=== Supplied information ===

▶

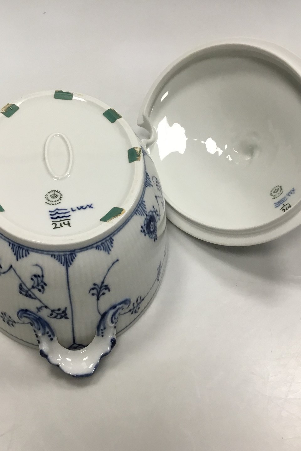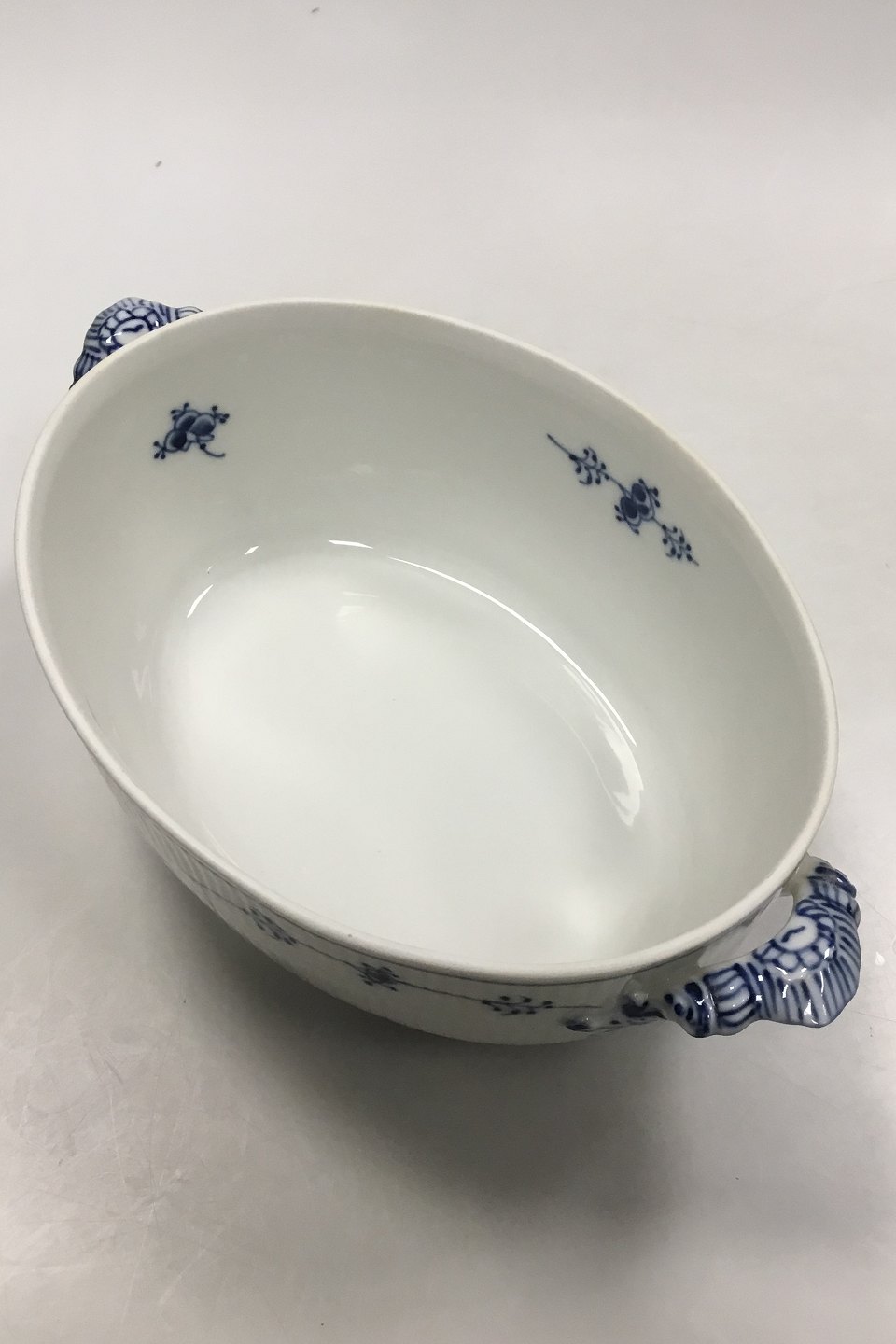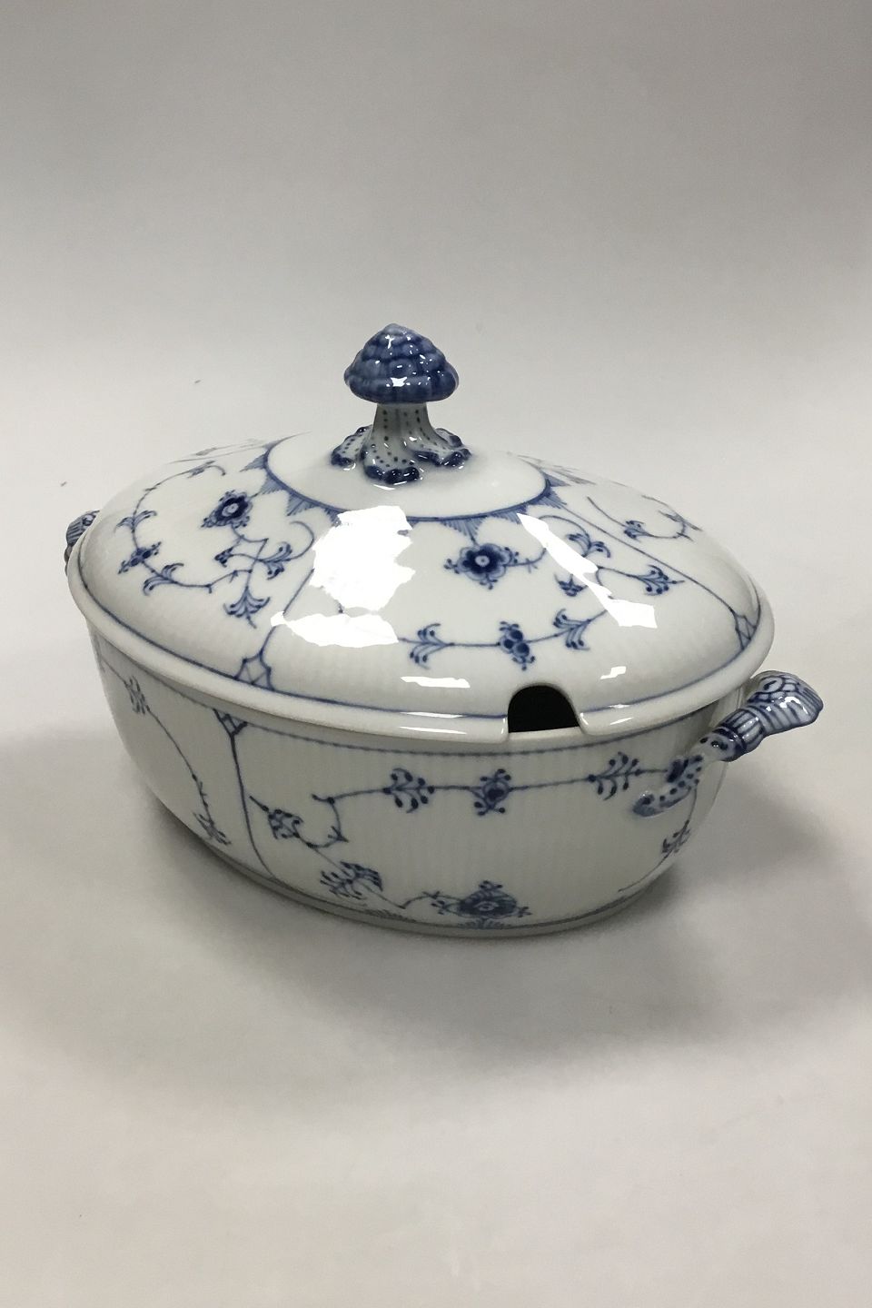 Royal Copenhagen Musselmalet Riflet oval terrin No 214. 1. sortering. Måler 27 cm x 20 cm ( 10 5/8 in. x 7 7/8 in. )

◀
▶

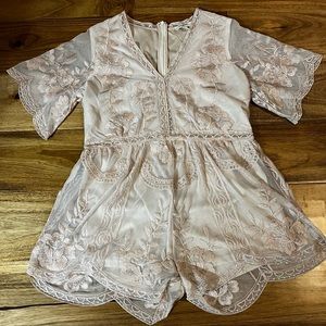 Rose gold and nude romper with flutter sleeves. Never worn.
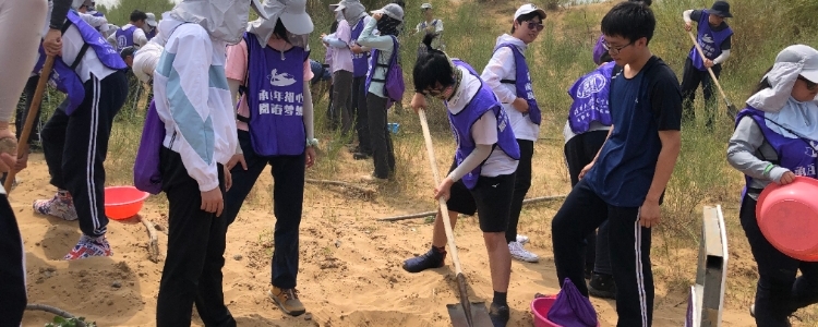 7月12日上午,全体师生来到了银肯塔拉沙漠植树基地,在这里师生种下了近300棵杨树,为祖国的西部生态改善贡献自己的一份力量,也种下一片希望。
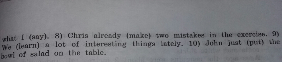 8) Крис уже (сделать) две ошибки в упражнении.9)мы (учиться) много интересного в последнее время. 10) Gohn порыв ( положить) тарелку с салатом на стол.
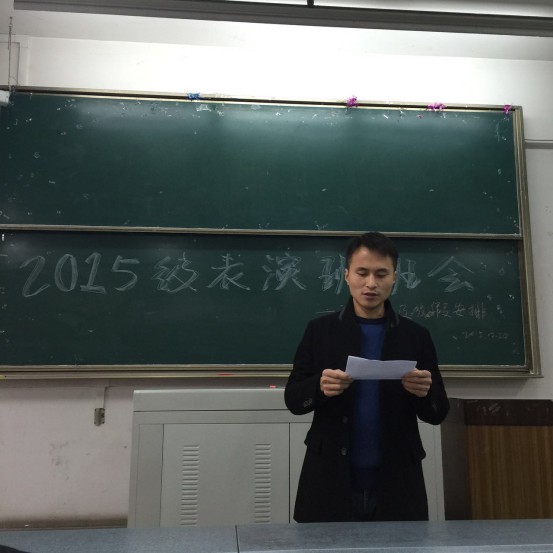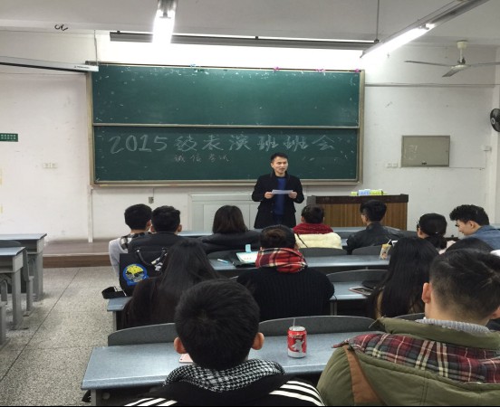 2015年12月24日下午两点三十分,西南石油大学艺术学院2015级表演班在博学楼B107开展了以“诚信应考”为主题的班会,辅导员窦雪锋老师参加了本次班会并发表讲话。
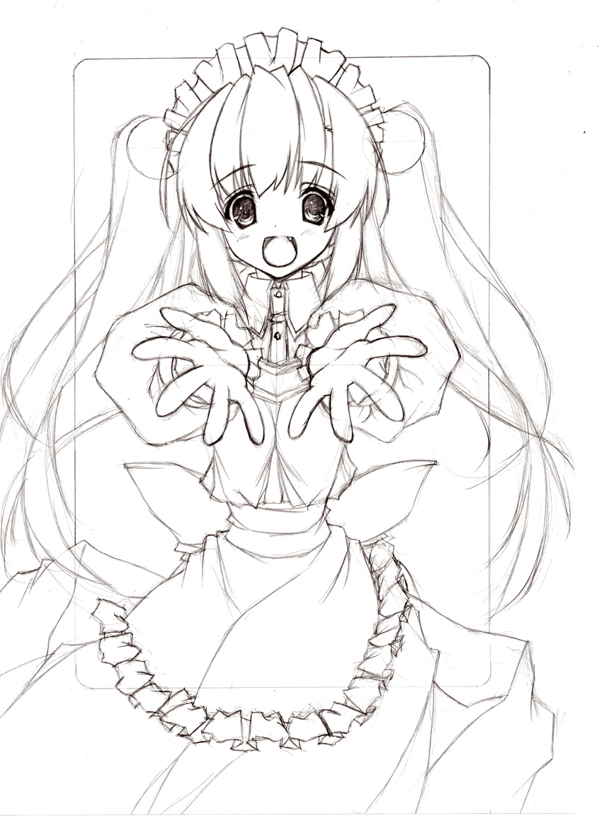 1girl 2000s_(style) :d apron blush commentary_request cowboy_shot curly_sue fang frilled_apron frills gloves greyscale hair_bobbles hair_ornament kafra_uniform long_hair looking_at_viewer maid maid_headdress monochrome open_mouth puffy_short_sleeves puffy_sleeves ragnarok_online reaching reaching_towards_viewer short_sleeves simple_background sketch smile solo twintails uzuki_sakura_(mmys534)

◀

=== Task requirements ===
Start at the line above containing "7月12日上午,全体师生来到" and stop at the line containing "8) Крис уже": print those lines and everything between them exactly, but not the pictures.

=== Response to the exercise ===
 7月12日上午,全体师生来到了银肯塔拉沙漠植树基地,在这里师生种下了近300棵杨树,为祖国的西部生态改善贡献自己的一份力量,也种下一片希望。
 8) Крис уже (сделать) две ошибки в упражнении.9)мы (учиться) много интересного в последнее время. 10) Gohn порыв ( положить) тарелку с салатом на стол.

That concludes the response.